Thanks in advance for taking the time to read all of this…

murrant · 25 November 2021 13:41

Probably the spare state is set to the wrong generic status…

murrant · 25 November 2021 13:52

eqlMemberHealthStatus
INTEGER {
unknown (0),
normal (1),
warning (2),
critical (3)
}

So, 3 = critical.

eqlDiskStatus OBJECT-TYPE
SYNTAX INTEGER {
on-line (1),
spare (2),
failed (3),
off-line (4),
alt-sig (5),
too-small(6),
history-of-failures(7),
unsupported-version(8),
unhealthy(9),
replacement(10),
encrypted(11),
notApproved(12),
preempt-failed(13)
}

2 is spare, which is marked as 0 in LibreNMS (ok).

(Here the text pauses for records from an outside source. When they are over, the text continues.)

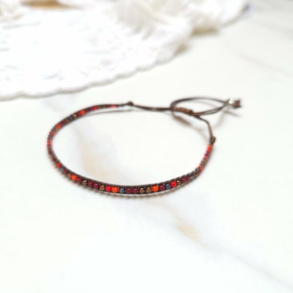 Piros, barna, bordó apró gyöngyös barna zsineg karkötő. A méretük állítható a behúzó szárakkal 15 cm-24 cm között.
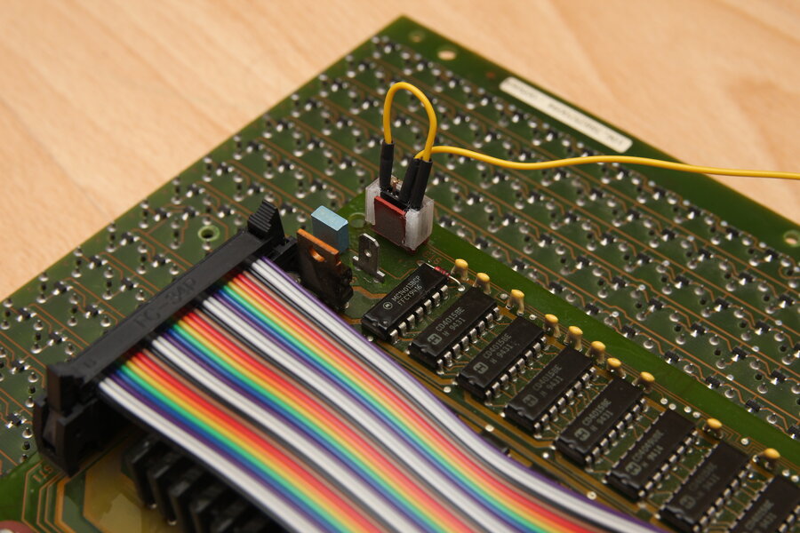 Wie beschrieben kommt auf das logisch erste Modul an den Printstecker eine Brücke, um Pin 30 des Wannensteckers mit Data In der Schieberegister zu verbinden.
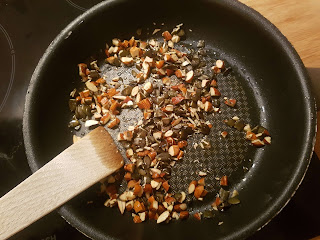 A feu vif ou moyen faire chauffer la poêle avec le reste d’huile utilisé pour les graines. utilisez la même poêle c’est l’idéal.
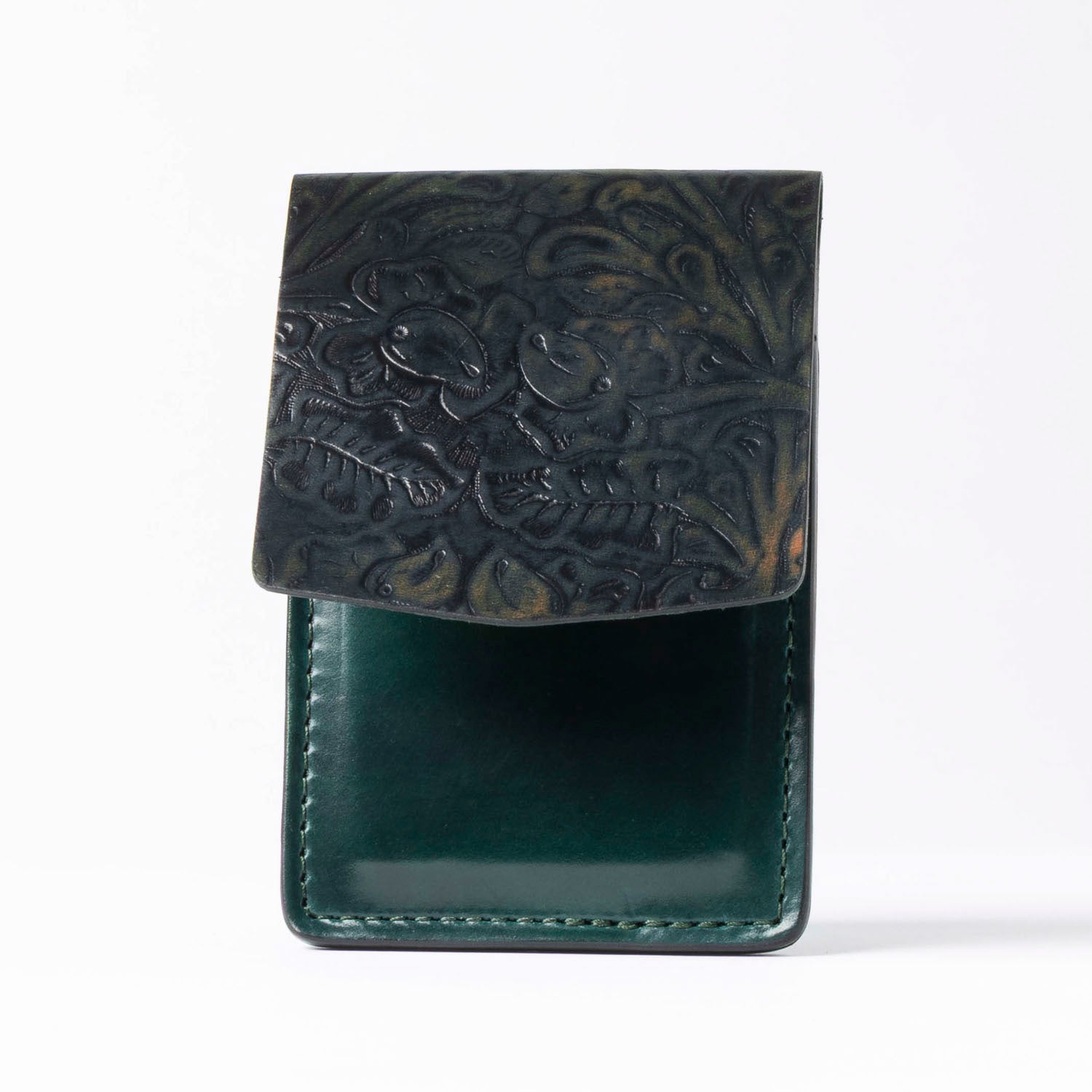 Believe us when we say Lucky means business. Named for the ruthless reorganizer of the Chicago mob, Ashland's Lucky wallet does away with extra details and leaves behind a slim, minimalist vertical wallet that works great for front or back pocket carry. This wallet features two card slots on the front and a single quick access card slot on the back, plus a large vertical cash compartment that's open on the side and protected by a tapered flap. Constructed of 100% Horween leather, this wallet is the ideal pick for the man who carries just what he needs and not much else. The more you carry the Lucky, the better it gets, as the compacting action in your pocket creates a natural crease in the top flap. Sleek, simple, visually surprising and surprisingly convenient.
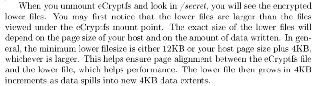 二是文件加密后大小变化问题,这个原因在于eCryptfs的方案本身设计。下图是eCryptfs明文和密文的映射关系及论文中的说明,分别出自2006年设计文档《eCryptfs v0.1 Design Document》和2007年论文《eCryptfs: a Stacked Cryptographic Filesystem》。从中可看出加密文件格式会多增加一个header信息(预留一个page)。对于文件内容则是按页分块加密。为了综合性能考虑,故使文件大小做到page对齐,最小12KB。
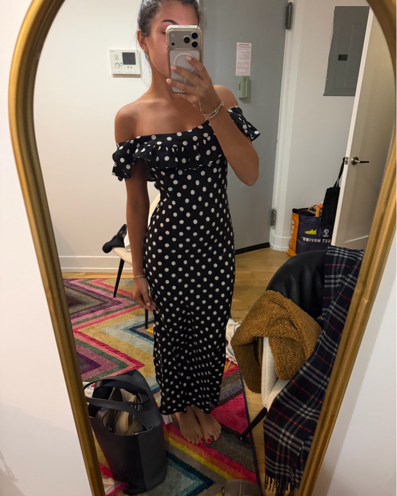 Black and white polka dot dress - can be work on or off the shoulder. Ties in the back. Perfect to dress up or down!
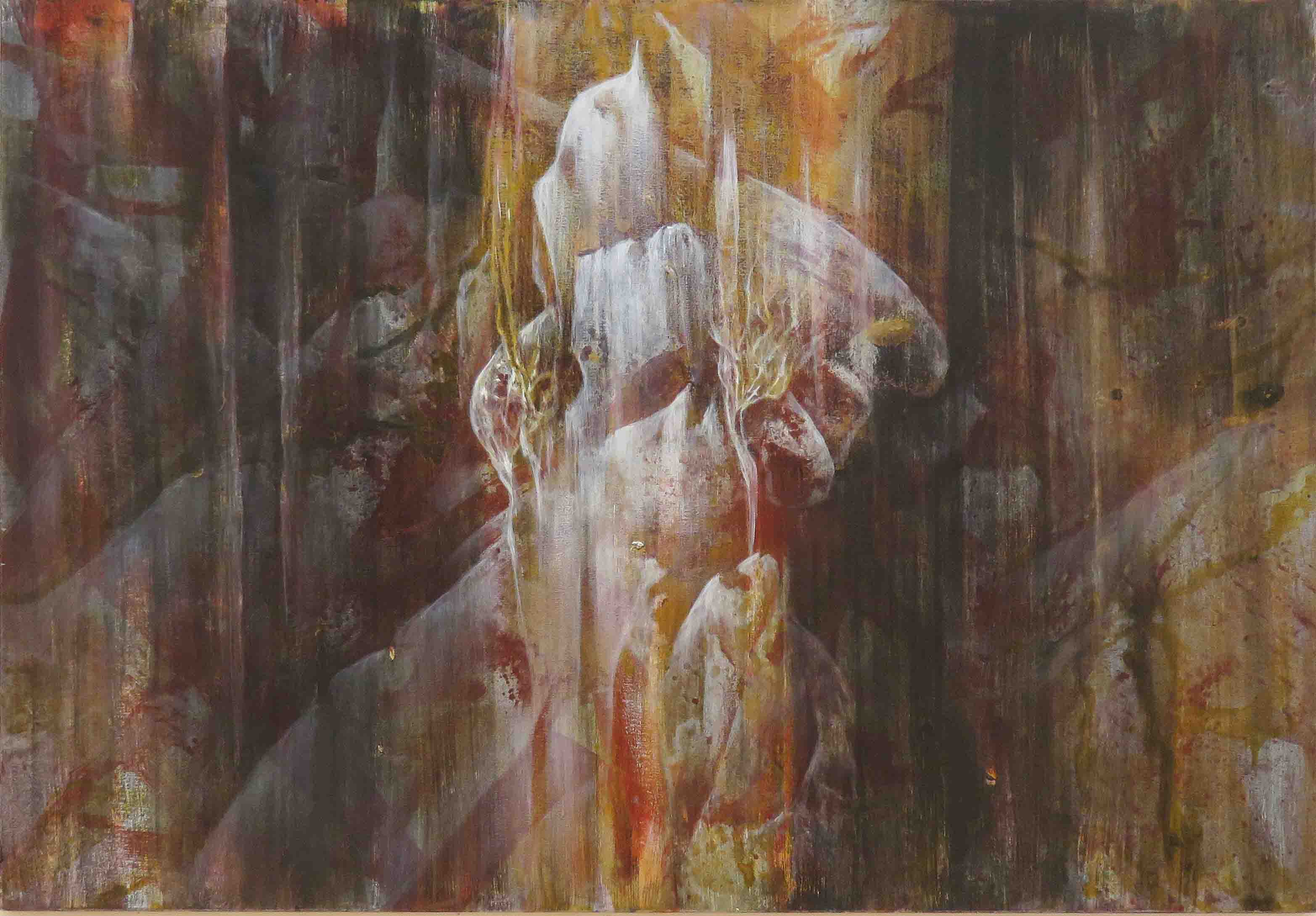 19熊田 正男WORK-G2アクリル、油彩表現は「コンセプトありき」ではない。 頭の中の想定を突き破る力はわからないところに宿っている。その〝正体〟を手探りで描き続けている。
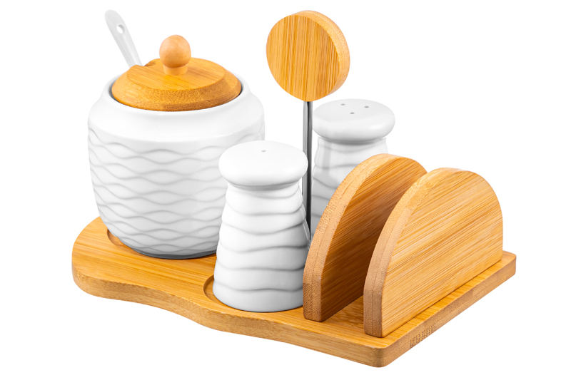 Набор - сахарница 350 мл "Айсберг волны" с ложкой + солонка + перечница + салф.на дер.подст.с ручкой
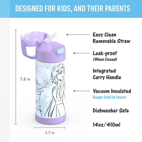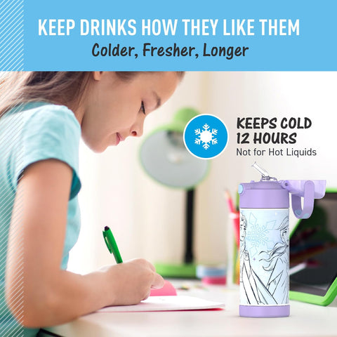 - STAYS COLD: THERMOS vacuum insulation technology keeps drinks cold for up to 12 hours. Our kids water bottles are built so their drinks are as cool on the inside as they look on the outside. Not for hot liquids
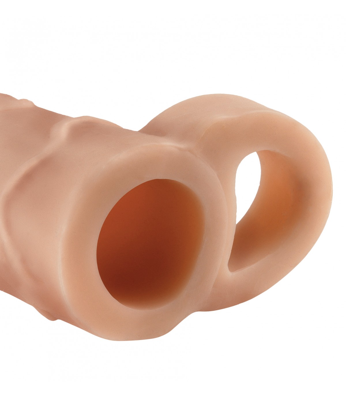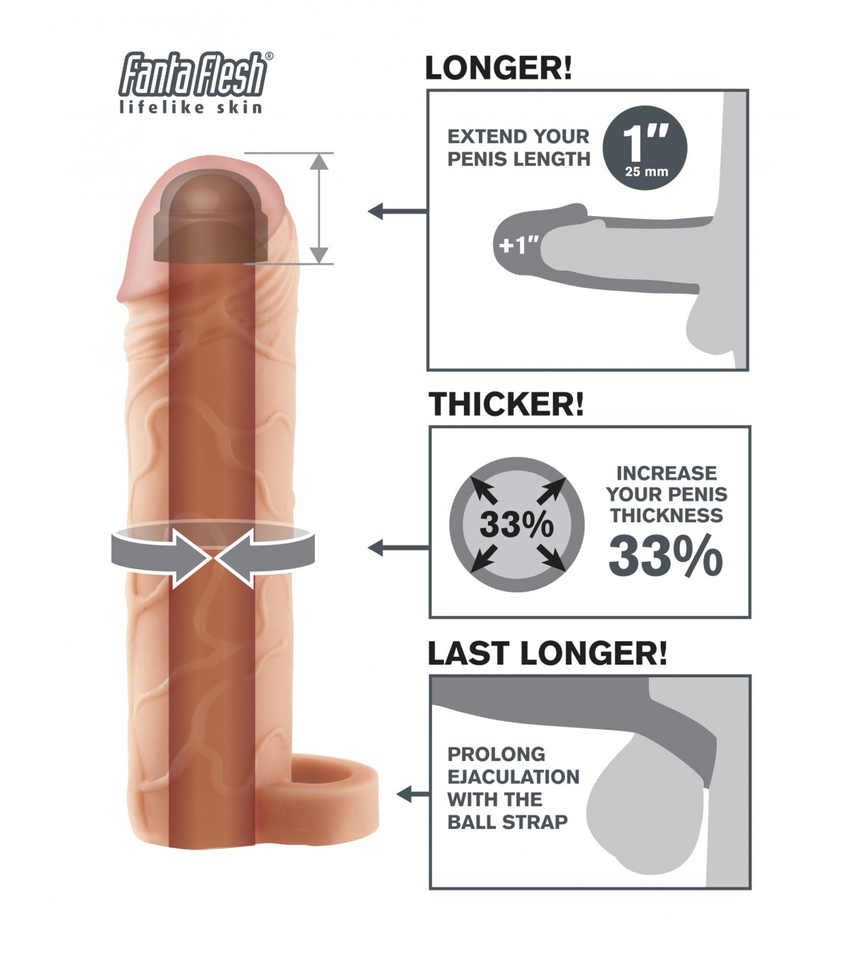 Intensifica el placer para ambos con la extensión perfecta de 1" con correa para testículos . Con la correa para testículos envuelta cómodamente alrededor de ti, prolongarás la eyaculación para el clímax más explosivo que hayas imaginado. Tu pareja disfrutará de una penetración más profunda con la extensión de 1" en la punta, mientras que el eje ultra realista te hace un 33 % más grueso para ofrecer una sensación más completa y un clímax excepcional. Es súper elástico para adaptarse a la mayoría de los tamaños, es lo suficientemente ajustado para ayudarte a durar más tiempo y el material Fanta Flesh® súper suave se siente como una segunda piel, ¡solo que mejor!
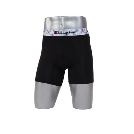 優れた吸汗速乾機能と伸縮性を兼ね備えた「DOUBLE DRYR(ダブルドライ)」ストレッチジャージーを使用したボクサーブリーフです。メッシュ構造素材による高い通気性と心地良いフィット感に加え、しわになりにくく、「C ODORLESSR(シーオドレス)」加工による抗菌防臭機能も備えています。3D POUCH by COMFORT FLEX FITR(スリーディー ポーチ バイ コンフォート フレックス フィット)による前立ての立体設計ポーチ構造による抜群の安定感は、日常使いだけでなくスポーツシーンでも活躍するはき心地です。Champion(チャンピオン)ロゴを全周に入れたウエストゴムは、インクジェットプリントによる繊細でクリアな柄がポイント。カモフラージュ柄をドットで表現したブラックと、タイダイ風のブラック×グレーの2色展開。前開き仕様。
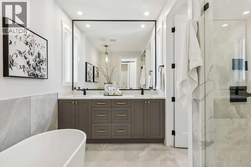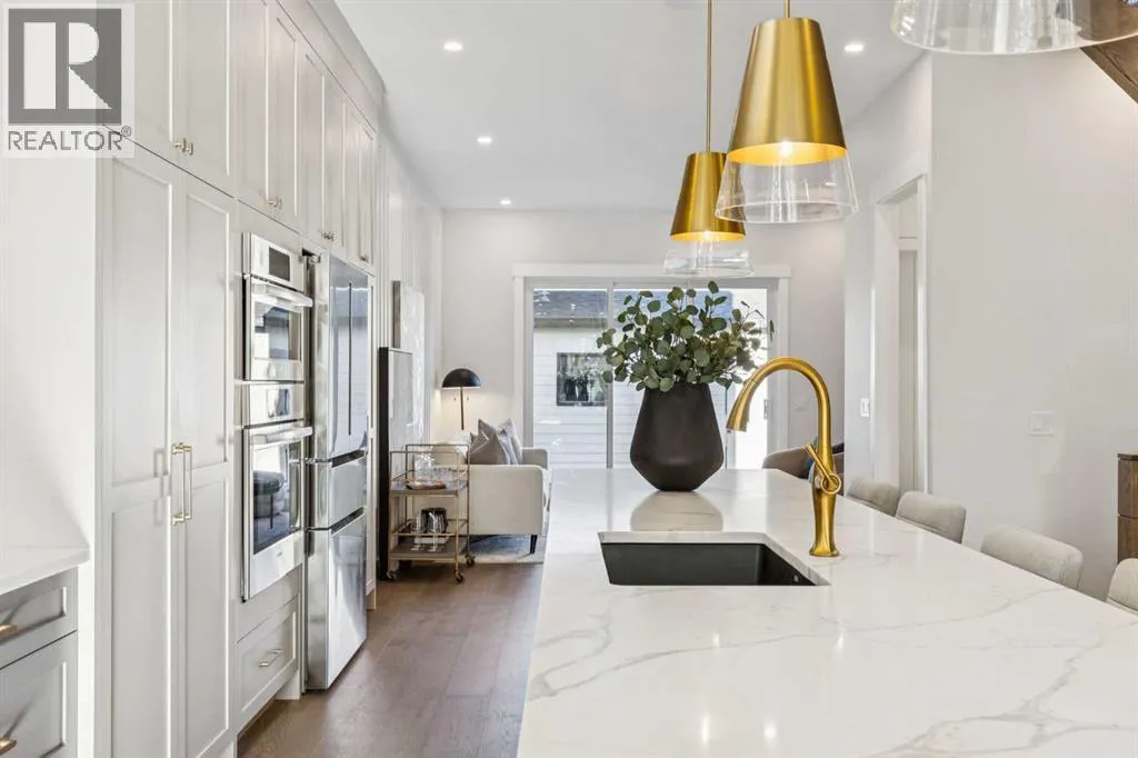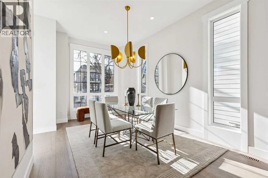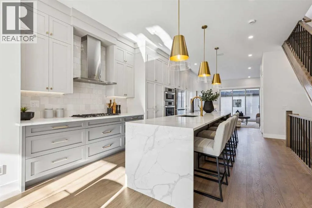 Discover Infill 1726 seemingly plucked from the pages of Dwell Magazine this classically designed & beautifully appointed home is loaded with extras while boasting the highest quality construction & amazing natural light throughout. Here are 5 things we LOVE about this home (& weâre sure you will too) 1. ROOM TO LIVE & GROW: With over 2,700 SqFt of refined & functional living space across 3 levels, this is a full-size home! The main floor boasts a contemporary, open-concept design with 10âceilings, hardwood floors, central kitchen & gorgeous, sun-filled dining room, accented by a 9â colonial window. The spacious living room accommodates your furnishings with ease & includes a recessed electric fireplace & large window overlooking the private backyard. A well-proportioned mudroom offers ample storage for coats/boots, while a stylish powder room is tucked away for added privacy. Upstairs the primary bedroom is like a boutique hotel, only itâs yours! With King-size proportions, vaulted ceilings & custom walk-in closet you almost forget about the incredible 5-piece ensuite featuring free-standing soaking tub, steam shower rough-in, dual sinks & separate water closet. Two additional beds both with walk-in closets share a beautifully appointed 4-piece bath. A conveniently located laundry room offers plenty of storage space. The basement is thoughtfully designed with movie nights in mind, offering a spacious rec room w/wet bar, 4th bed, 3-piece bath & storage. 2. THAT KITCHEN! Proof that a contemporary home can be warm & inviting. This kitchen is a showstopper & truly a space designed for gathering & creating memories. Anchored by a 14â quartz waterfall island, integrated Bosch appliance package, full height cabinet w/spice cupboard, oversize pendant + undermount lighting. Whether preparing a feast, hosting a dinner party or simply warming up takeout you will feel right at home here. 3. A BOUTIQUE INNER CITY BUILDER: Custom Homes by Alba is a highly regarded, hands-on home builder specializing in Inner City Calgary & known across the city for his small-batch approach & high-quality construction. Every inch of these homes is intentional & impresses the most discerning of home buyers. 4. ALL THE EXTRAS: From 10â ceilings + 9â doors, gorgeous hardwood floors, step-lights on both staircases, in-floor heating rough-in + laundry rough-in in the basement & steam shower rough-in in the primary ensuite, AC rough-in, garage heater rough-in and 200 AMP service this home is not only move-in ready but awaiting your personal touch. 5. A MATURE, CONVENIENT NEIGHBORHOOD: Capitol Hill is a beautiful, conveniently located neighbourhood in Calgaryâs Inner City/NW. Officially established in 1948, original Capitol Hill homes date back to 1910. Today, Residents enjoy wide, tree lined streets & a mix of housing styles ranging from mid-century bungalows to modern townhomes & stunning infills. From Infill 1726 you are a few blocks to the heart of 16th Ave NW & a 6-minute walk to Edelweiss Village. (id:27476)
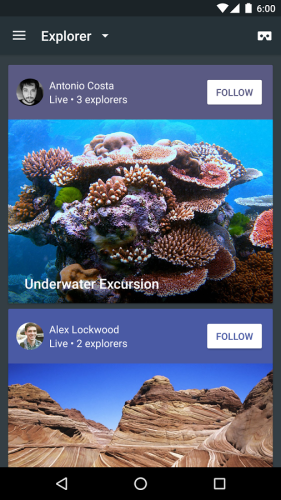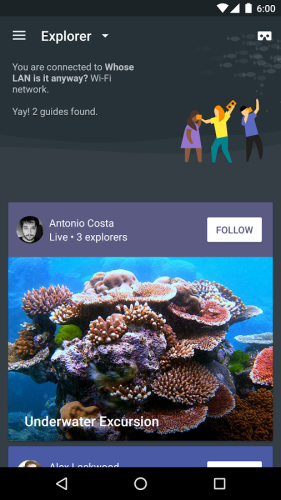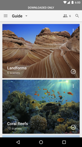 专为教室和小组而设计的谷歌实境教学应用可以让一名教师作为“向导”来指引一群“探索者”观赏360度的3D图片集合,同时还可以指出其中有趣内容。
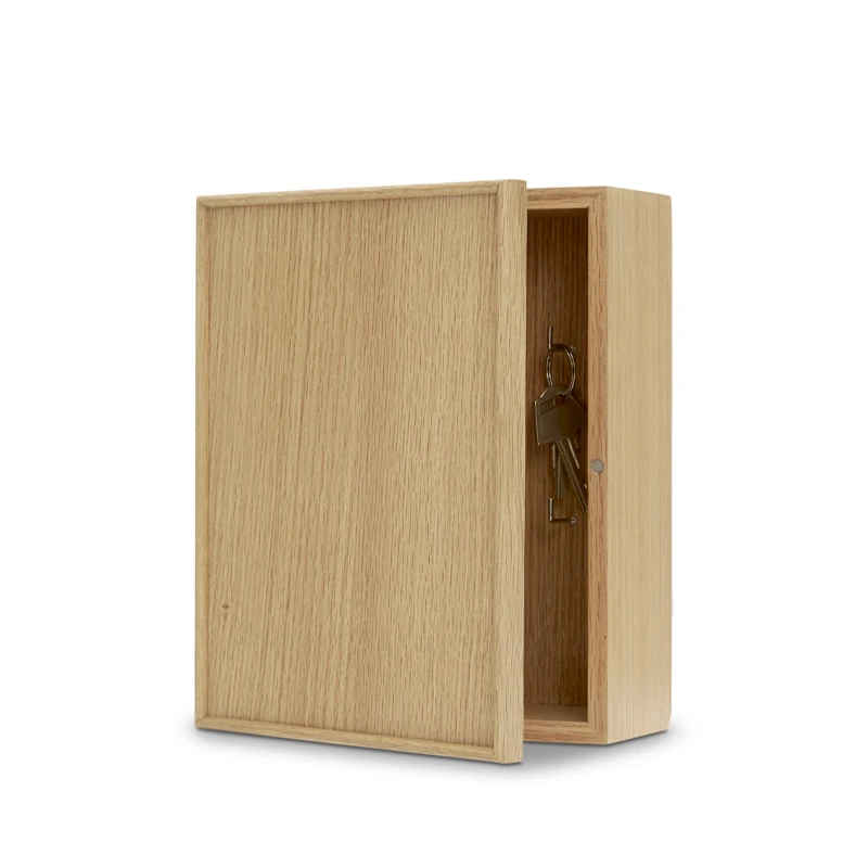 Nøgleskab fra Andersen i egetræ med diskret magnetlås, som gør det nemt at åbne og lukke. Seks kroge inde i skabet til nøgler mm.
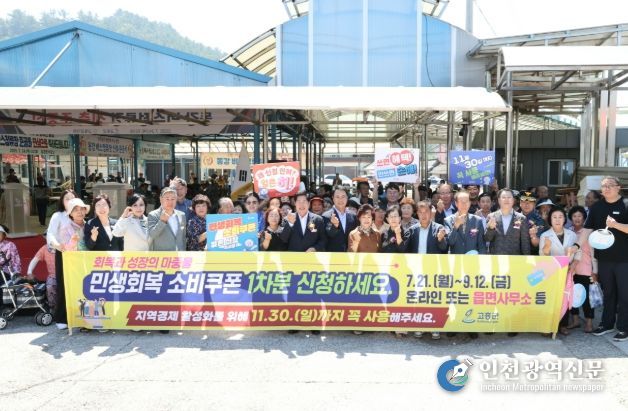 [인천광역신문] 관리자 기자 | 고흥군이 24일 동강전통시장을 찾아 민생 회복 및 지역상권 활성화를 위해 지급 중인 ‘민생회복 소비쿠폰 신청’을 독려하는 캠페인을 펼쳤다고 밝혔다.
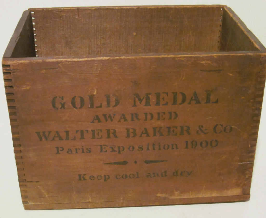 Walter Baker and Co produced premium chocolate and issued a wooden crate or box around the early 1900s which has since become a collector’s display piece. The feature of note is the wooden construction and the branded metal plate or embossing which make it far more durable and collectible than typical cardboard packaging. Because very few of these wood-branded boxes survive undamaged, they are more valuable now than the candy they once held. Market estimates for one in good display condition might reach US$300 to US$500. The wooden box appeals to collectors of early confectionery and industrial design.

You sure the device didn’t have an issue?
Explanations:

The device reported incorrect data. (not likely)
The device had a transient error. (or persistent if still alarming)
Your alert rules are not quite right and giving false alarms.

system · 23 February 2022 13:52

This topic was automatically closed 90 days after the last reply. New replies are no longer allowed.